What you are asked to do:
Retype each line below precisely and omit all images.
──────── Input material
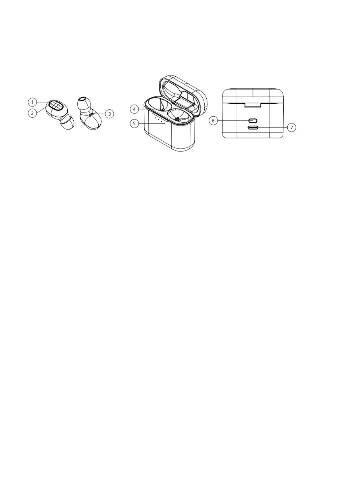 1. Take both headphones out of the charging box and take off the labels protecting the charging pins (3) on the
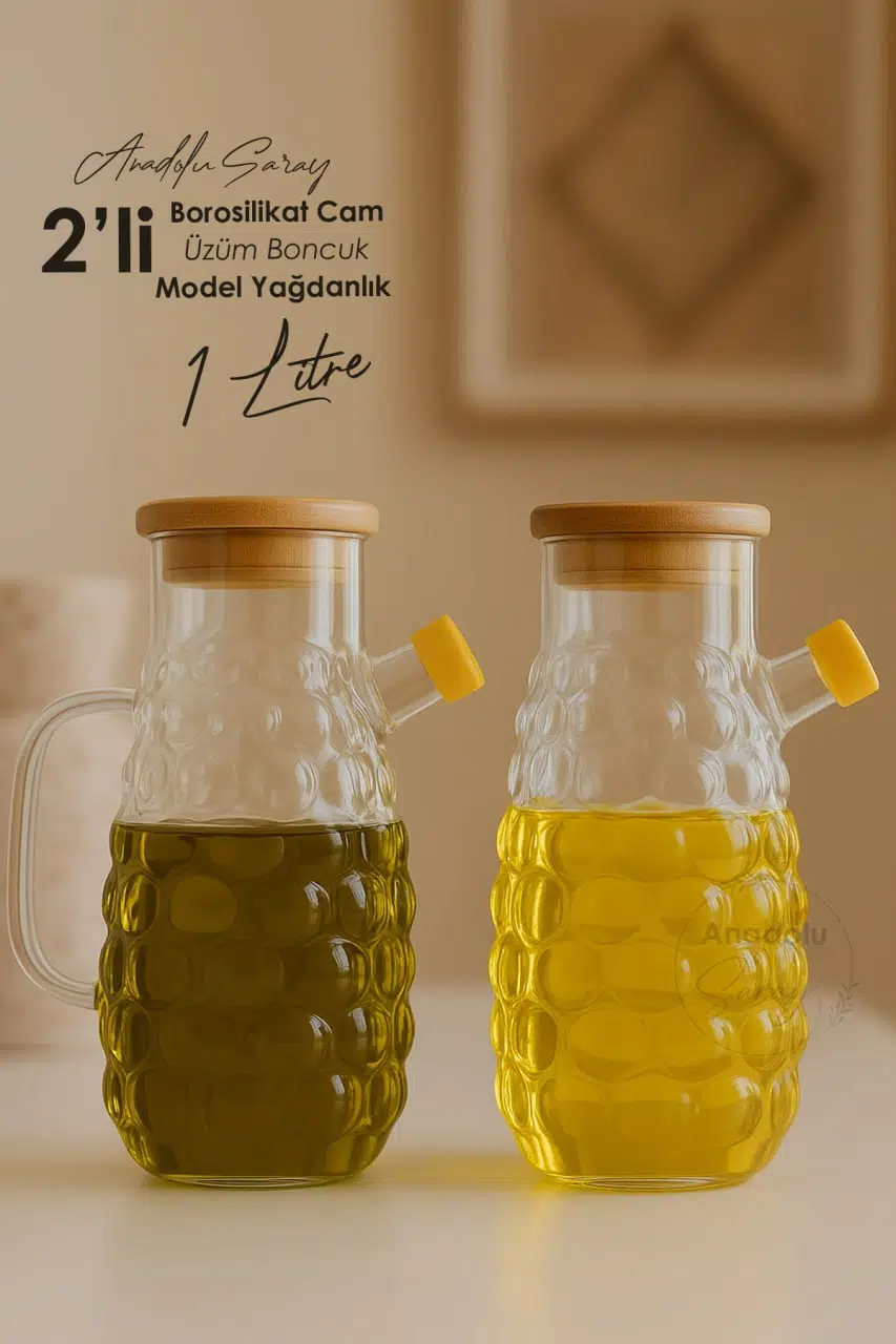 Mutfakta zarafet ve işlevselliği bir arada sunan 1 Litre Borosilikat Cam Üzüm Boncuk Model Yağdanlık Sirkelik, modern tasarımıyla sofralarınıza estetik bir dokunuş katar. Isıya dayanıklı borosilikat cam malzemeden üretilen bu şık yağdanlık, hem zeytinyağı hem de sirke gibi sıvılar için idealdir.
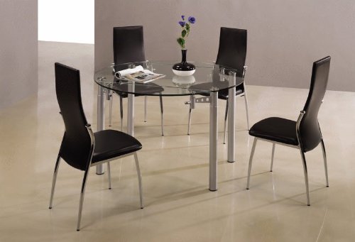 This five piece set stylish and modern dinning table is completed with a tempered glass top table and four high back chairs. Featuring the extendable sides on both ends, it is fit to meet your needs for nearly any occasion. Designed with the highest quality, the refreshing style of the table is able to modernize your dining area. Characterized by its blush sliver base and legs, its unique and trendy taste adds personality to any dining room. Have questions please call. Chairs also available in white.
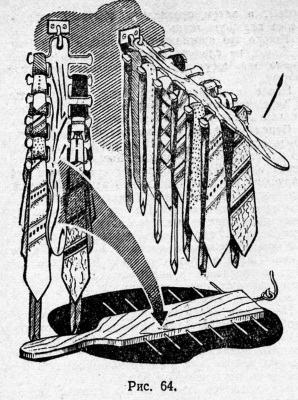 Обычно галстуки подвешивают на шнуре, укрепленном с внутренней стороны дверцы шкафа или кладут в продолговатую коробку. Но, чтобы галстуки хорошо сохранялись и не были мятыми, лучше иметь для них специальную вешалку. Ее можно выпилить лобзиком из тонкой фанеры или из пластмассы. Образец показан на рисунке 64. Можно также в дощечку толщиной 5—6 мм и шириной 6—7 см вбить с двух сторон короткие металлические стержни (гвозди без головок). Подвеска галстуков показана на рисунке 64.
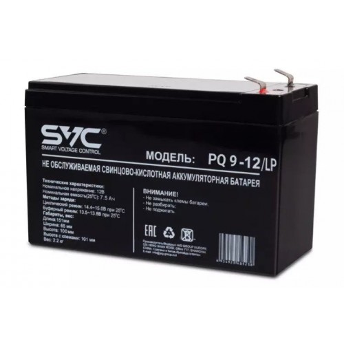 Аккумуляторная батарея SVC PQ9-12/LP 12В 9 Ач. Характеристики товара:
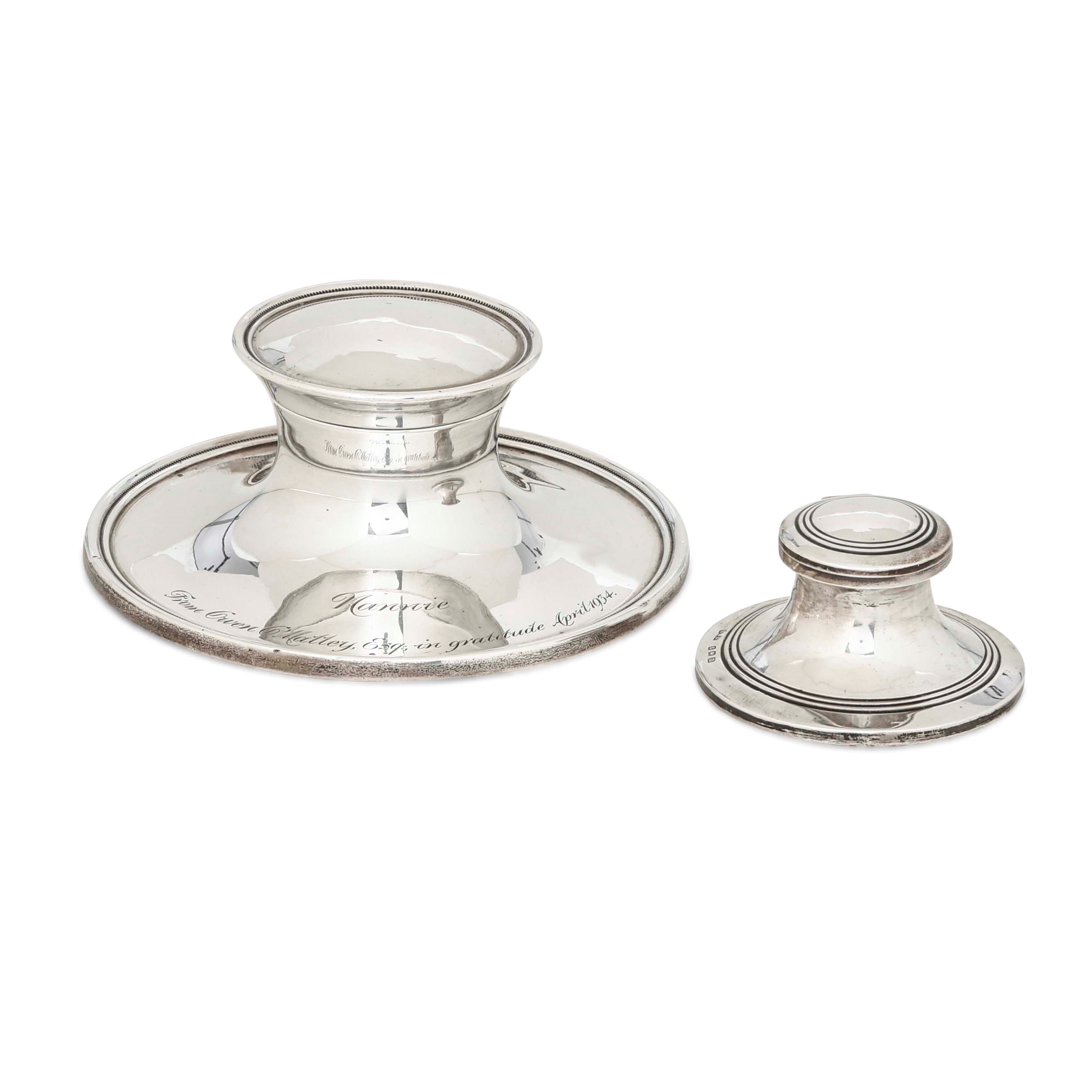 Due calamai. Argento fuso e sagomato. Uno Birmingham 1911, argentiere Henry Williamson [..]
────────────────
Finished task:
 1. Take both headphones out of the charging box and take off the labels protecting the charging pins (3) on the
 Mutfakta zarafet ve işlevselliği bir arada sunan 1 Litre Borosilikat Cam Üzüm Boncuk Model Yağdanlık Sirkelik, modern tasarımıyla sofralarınıza estetik bir dokunuş katar. Isıya dayanıklı borosilikat cam malzemeden üretilen bu şık yağdanlık, hem zeytinyağı hem de sirke gibi sıvılar için idealdir.
 This five piece set stylish and modern dinning table is completed with a tempered glass top table and four high back chairs. Featuring the extendable sides on both ends, it is fit to meet your needs for nearly any occasion. Designed with the highest quality, the refreshing style of the table is able to modernize your dining area. Characterized by its blush sliver base and legs, its unique and trendy taste adds personality to any dining room. Have questions please call. Chairs also available in white.
 Обычно галстуки подвешивают на шнуре, укрепленном с внутренней стороны дверцы шкафа или кладут в продолговатую коробку. Но, чтобы галстуки хорошо сохранялись и не были мятыми, лучше иметь для них специальную вешалку. Ее можно выпилить лобзиком из тонкой фанеры или из пластмассы. Образец показан на рисунке 64. Можно также в дощечку толщиной 5—6 мм и шириной 6—7 см вбить с двух сторон короткие металлические стержни (гвозди без головок). Подвеска галстуков показана на рисунке 64.
 Аккумуляторная батарея SVC PQ9-12/LP 12В 9 Ач. Характеристики товара:
 Due calamai. Argento fuso e sagomato. Uno Birmingham 1911, argentiere Henry Williamson [..]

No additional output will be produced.